### Data

---

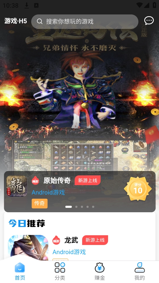 玩家进入首页与“分类”板块后,能获取海量游戏资源,其中包含回合、三国和传奇等类型。
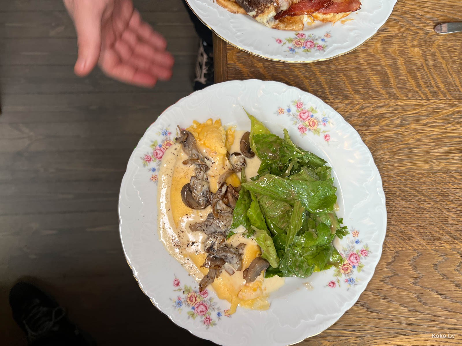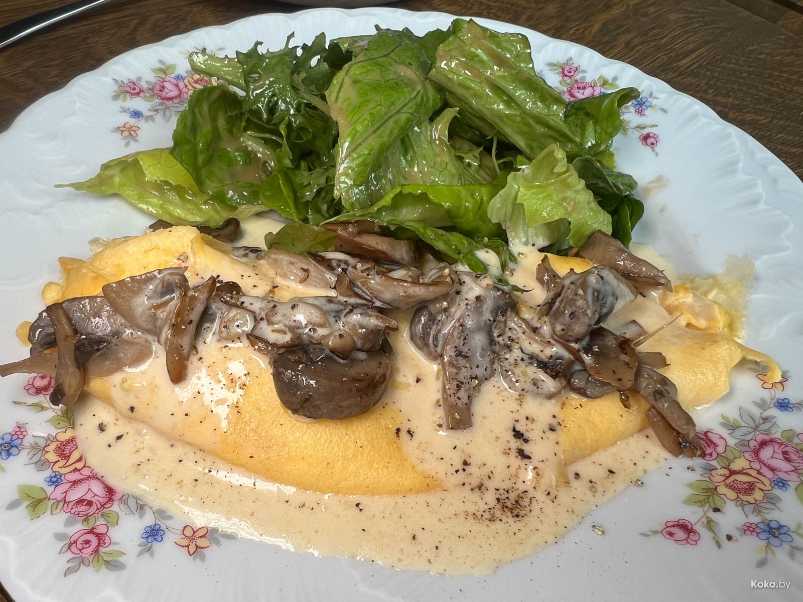 3. Просто воздушный омлет с просто грибами в просто сливочном соусе с просто салатом. Просто завтрак за всего 12byn, дайте хлеба!
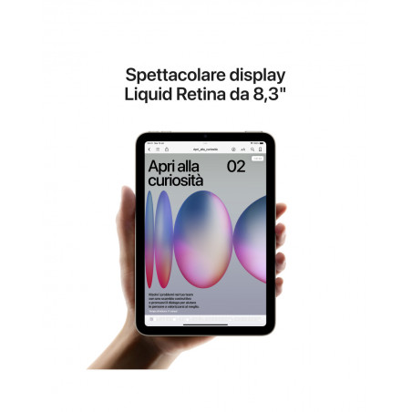 - 8.3" LIQUID RETINA DISPLAY[1] - The stunning Liquid Retina display has advanced technologies such as True Tone and a wide P3 color gamut, as well as minimized reflectance, so it gives you absolutely spectacular images. - PERFORMANCE AND STORAGE SPACE - The A17 Pro chip is a powerhouse, giving you ultra-fast graphics performance for games. And thanks to an all-day battery life,[4] iPad mini is always ready to follow you in everything you do. With storage starting at 128GB: plenty of space for apps, music, movies, and anything else you want.[5] - IPADOS + APP - iPadOS makes your iPad more efficient, intuitive and versatile. With iPadOS you can use multiple apps at once, handwrite in text fields with Apple Pencil, and retouch and share photos. So many must-have apps, such as Safari, Messages, and Keynote, already come standard on iPad mini, and you'll find more than a million in the App Store. - APPLE PENCIL AND SMART FOLIO - Apple Pencil Pro turns your iPad mini into a canvas with everything you need to paint, or into the most practical of notebooks. Apple Pencil (USB C) is also compatible with iPad mini. And the Smart Folio cover, slim and available in four colors, protects your iPad mini and is also perfect as a stand. Accessories sold separately. - EVOLUTIONAL CAMERAS - iPad mini has a 12MP front camera with ultra-wide angle and Auto Frame for selfies and videocalls. The 12MP rear camera with wide angle and True Tone flash is perfect for scanning documents, taking photos and shooting 4K video. - UNLOCK AND PAY WITH TOUCH ID - Touch ID is built into the top button: one touch is all it takes to unlock the iPad mini, access apps and pay for your purchases securely with Apple Pay. - CONNECTIVITY - With Wi-Fi 6E you can count on superfast wireless connections[3] to work almost anywhere and transfer large photos, documents and videos in a snap. And the USB-C connector offers super-fast connections.

---

### Exercise goal
Retype the full listing exactly; pictures stay out.

### Response below
 玩家进入首页与“分类”板块后,能获取海量游戏资源,其中包含回合、三国和传奇等类型。
 3. Просто воздушный омлет с просто грибами в просто сливочном соусе с просто салатом. Просто завтрак за всего 12byn, дайте хлеба!
 - 8.3" LIQUID RETINA DISPLAY[1] - The stunning Liquid Retina display has advanced technologies such as True Tone and a wide P3 color gamut, as well as minimized reflectance, so it gives you absolutely spectacular images. - PERFORMANCE AND STORAGE SPACE - The A17 Pro chip is a powerhouse, giving you ultra-fast graphics performance for games. And thanks to an all-day battery life,[4] iPad mini is always ready to follow you in everything you do. With storage starting at 128GB: plenty of space for apps, music, movies, and anything else you want.[5] - IPADOS + APP - iPadOS makes your iPad more efficient, intuitive and versatile. With iPadOS you can use multiple apps at once, handwrite in text fields with Apple Pencil, and retouch and share photos. So many must-have apps, such as Safari, Messages, and Keynote, already come standard on iPad mini, and you'll find more than a million in the App Store. - APPLE PENCIL AND SMART FOLIO - Apple Pencil Pro turns your iPad mini into a canvas with everything you need to paint, or into the most practical of notebooks. Apple Pencil (USB C) is also compatible with iPad mini. And the Smart Folio cover, slim and available in four colors, protects your iPad mini and is also perfect as a stand. Accessories sold separately. - EVOLUTIONAL CAMERAS - iPad mini has a 12MP front camera with ultra-wide angle and Auto Frame for selfies and videocalls. The 12MP rear camera with wide angle and True Tone flash is perfect for scanning documents, taking photos and shooting 4K video. - UNLOCK AND PAY WITH TOUCH ID - Touch ID is built into the top button: one touch is all it takes to unlock the iPad mini, access apps and pay for your purchases securely with Apple Pay. - CONNECTIVITY - With Wi-Fi 6E you can count on superfast wireless connections[3] to work almost anywhere and transfer large photos, documents and videos in a snap. And the USB-C connector offers super-fast connections.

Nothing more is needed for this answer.